Он спустился на одну ступеньку с крыльца, сдвинул шапку на затылок.

— Только спробуй! — тихо, но жестко предупредил Сашка. — Ежели жить надоело!

— Отца свово позовешь?

— Сам сничтожу!

— Ну и псих, однако…

Все же дальше не двинулся, а потоптался на месте, затем направился обратно в дом.

— Сиди тута, зануда, молись богу, все равно он из тебя человека не сделает. Да карауль девкин подол пуще.

Когда он скрылся в сенях, Сашка присел на порог, закашлялся, забормотал:

— Нету уж силов у меня…

Показался он в этот миг Агане еще более хилым и слабым.

— Саша! — позвала она, чуть выступая из-за угла.

Он вздрогнул, но тотчас узнал ее, обрадовался и, заплетаясь ногами, подошел.

— Ты еще здесь?

— Сейчас уйду.
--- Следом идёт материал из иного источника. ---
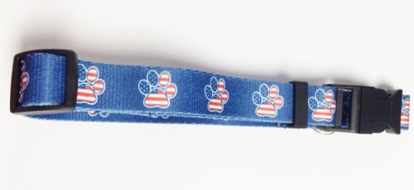 High-quality sublimated American flag pet collar–available in 2 sizes. Look for the matching leash!
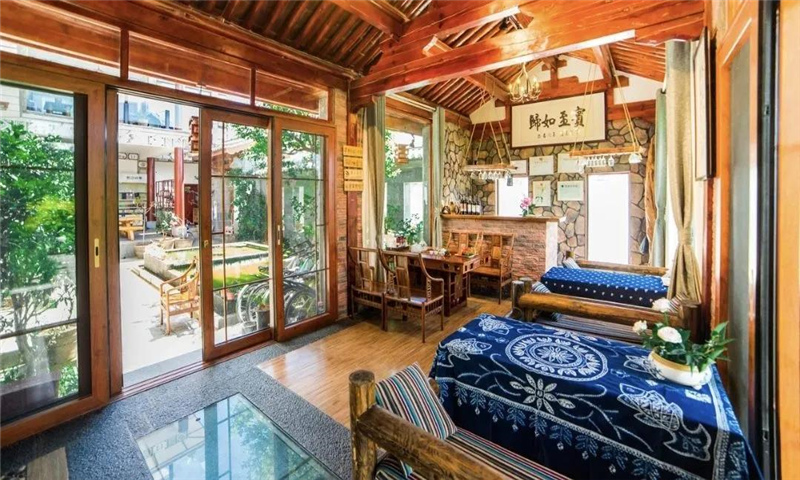 墨??蜅R还灿?4間房,每個房間的取名均來自蒼山十九峰和十八溪,比如“滄浪”“圣應(yīng)”“清碧”等,充滿了詩意。
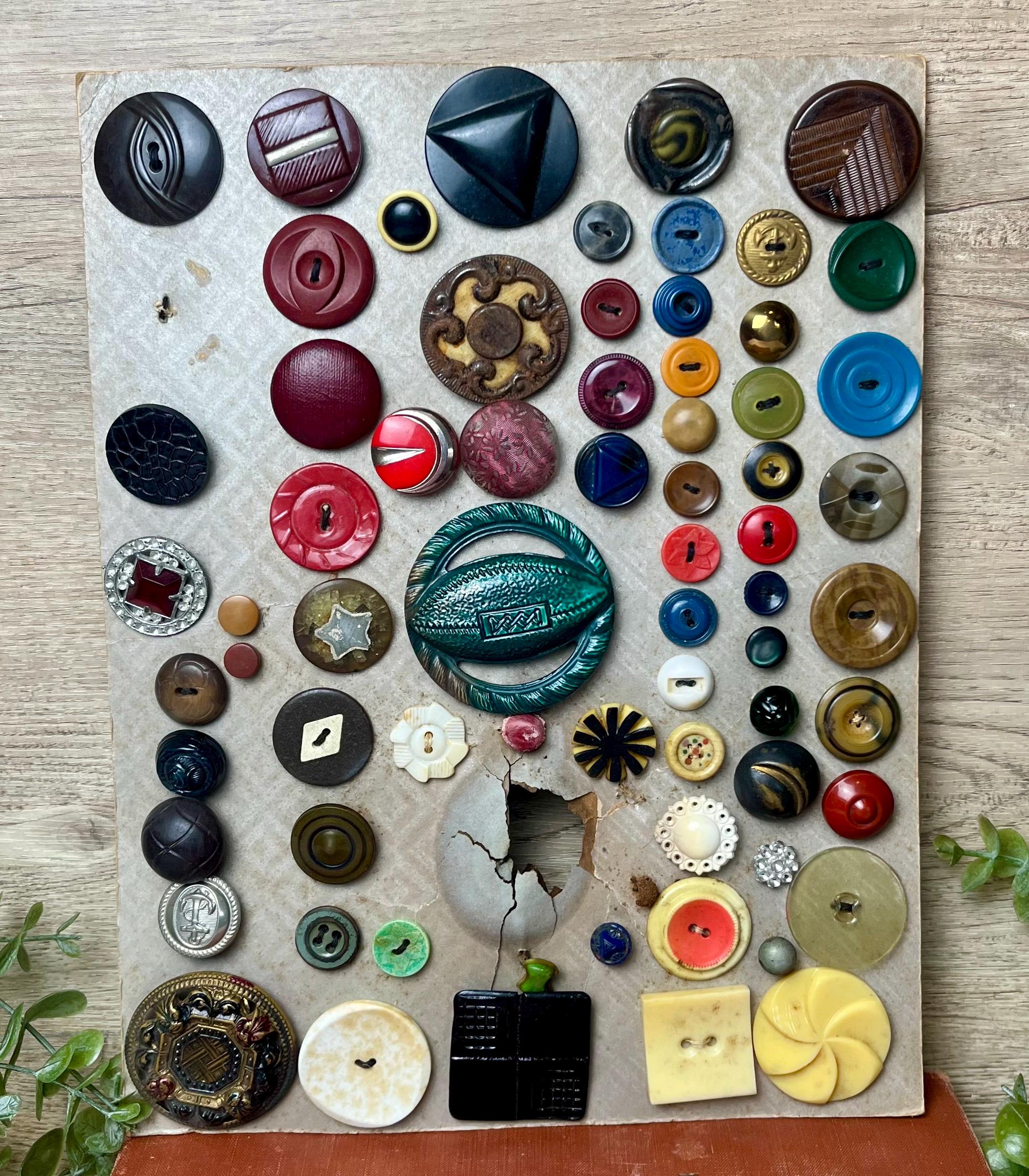These authentic pieces feature a mix of Bakelite, celluloid, glass, mother of pearl, and early plastic buttons, each showcasing unique patterns, textures, and craftsmanship typical of the era.
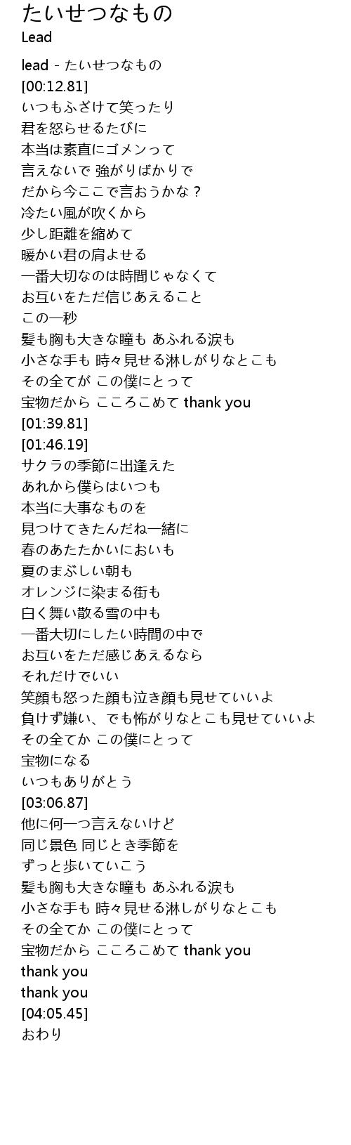 | [03:48.02] | 宝物だから こころこめて thank you |
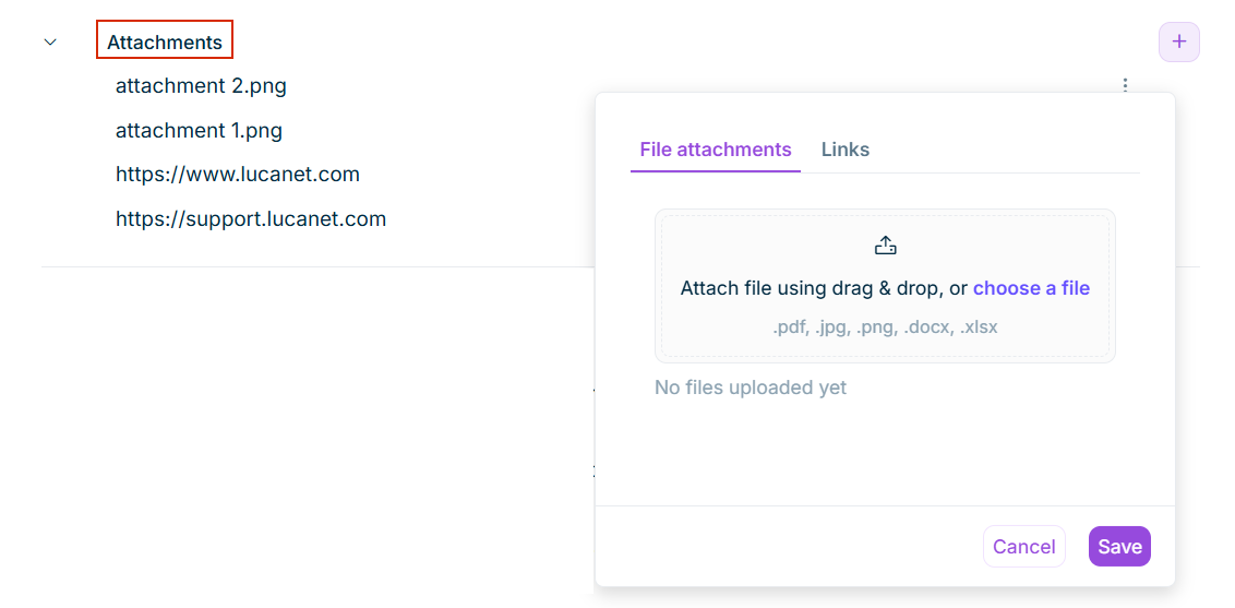You can also add file attachments and links when creating a task by switching to the File attachments or Links tab. For details on adding and managing attachments and links, see Attachments.
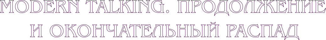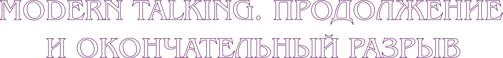хиты Modern Talking. Дуэт распался во второй раз в 2003 году, на этот раз окончательно. Хотя никогда нельзя сказать наверняка. Зная умение артиста интриговать публику и преподносить абсолютно неожиданные сюрпризы, нельзя исключить, что музыканты вновь объединятся для совместного творчества.
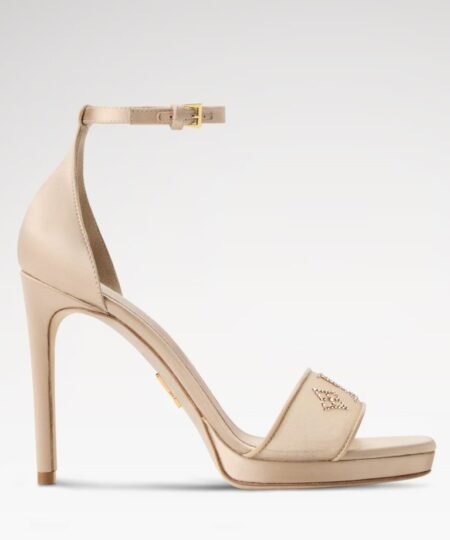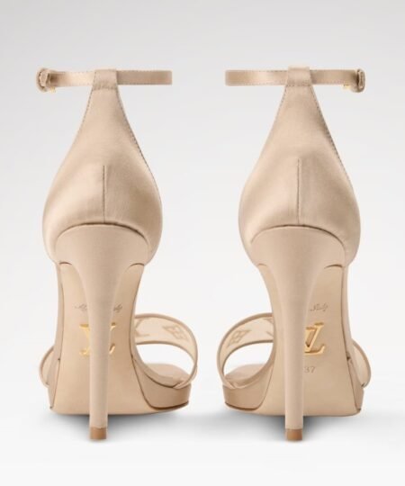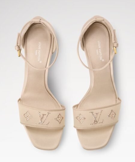 The Gala platform sandal is a sophisticated style with a front strap in translucent mesh, on which glittering rhinestones recreate the Louis Vuitton Monogram pattern. A slender ankle strap, adjusted with a tiny buckle, adds to the elegance of this design, which balances a high stiletto heel with a small platform.

Боюсь только через передние ворота бежать.

— А ты айда в переулок. Я провожу.

Он принес из дома ключи, отомкнул висячий замок на задних воротах, отодвинул железный засов и пропустил ее в загон, оттуда в огород, а на прощание несмело попросил:

— Хоть обними меня. Не увидимся больше. Подыхать стану, было бы вспомнить о чем. В губы еще поцеловать бы, да совестно, небось, нутро у меня нечистое. А так я не поганый, не моргуй!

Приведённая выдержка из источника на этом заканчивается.